In pre-Roman times (5th century BC), Ávila was inhabited by the Vettones, who called it Obila ("High Mountain") and built one of their strongest fortresses here. There are bronze age stone statues of boars (known as verracio) nearby.
Ávila may have been the ancient town known as Abula, mentioned by Ptolemy in his Geographia (II 6, 60) as being located in the Iberian region of Bastetania. Abula is mentioned as one of the first cities in Hispania that was converted to Christianity by Secundus of Abula (San Segundo), however,Abula may alternatively have been the town of Abla.
After the conquest by ancient Rome, the town was called Abila or Abela. The plan of the city remains typically Roman; rectangular in shape, with its two main streets (cardo and decumanus) intersecting at a forum in the center. Roman remains that are embedded in city walls at the eastern and southern entrances (now the Alcazar and Rastro Gates) appear to have been ashar altar stones.

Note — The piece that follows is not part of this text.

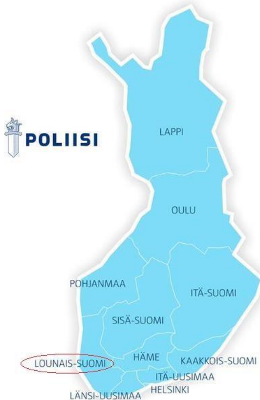
Kuva 2: Poliisilaitokset Suomessa.

Viranomaisradioverkko eli Virve. Viranomaisten, kuten poliisin ja pelastustoimen, käyttämä suojattu radioverkko. Mahdollistaa viranomaisten sisäisen viestinnän sujuvasti sekä mahdollisuuden ottaa toiseen viranomaiseen yhteyttä ja muodostaa puheryhmiä esimerkiksi yhteisillä tehtävillä.

By tradition, in the 1st century, Secundus, having travelled via the Roman province of Hispania Baetica, brought the Gospel to Avila, and was created its first bishop.
After the fall of the Western Roman Empire, Ávila became a stronghold of the Visigoths. Conquered by the Arabs (who called it Ābila), it was repeatedly attacked by the northern Iberian Christian kingdoms, becoming a virtually uninhabited no man's land. It was repopulated about 1088 following the definitive reconquest of the area by Raymond of Burgundy, son of Alfonso VI of León and Castile. He employed two foreigners, Casandro Romano and Florin de Pituenga, to construct a stone frontier city and creating the walls that still stand.
The city achieved a period of prosperity under the Catholic Monarchs in the early 16th century, and their successors Charles V and Philip II of Spain, but began a long decline during the 17th century, reducing to just 4,000 inhabitants.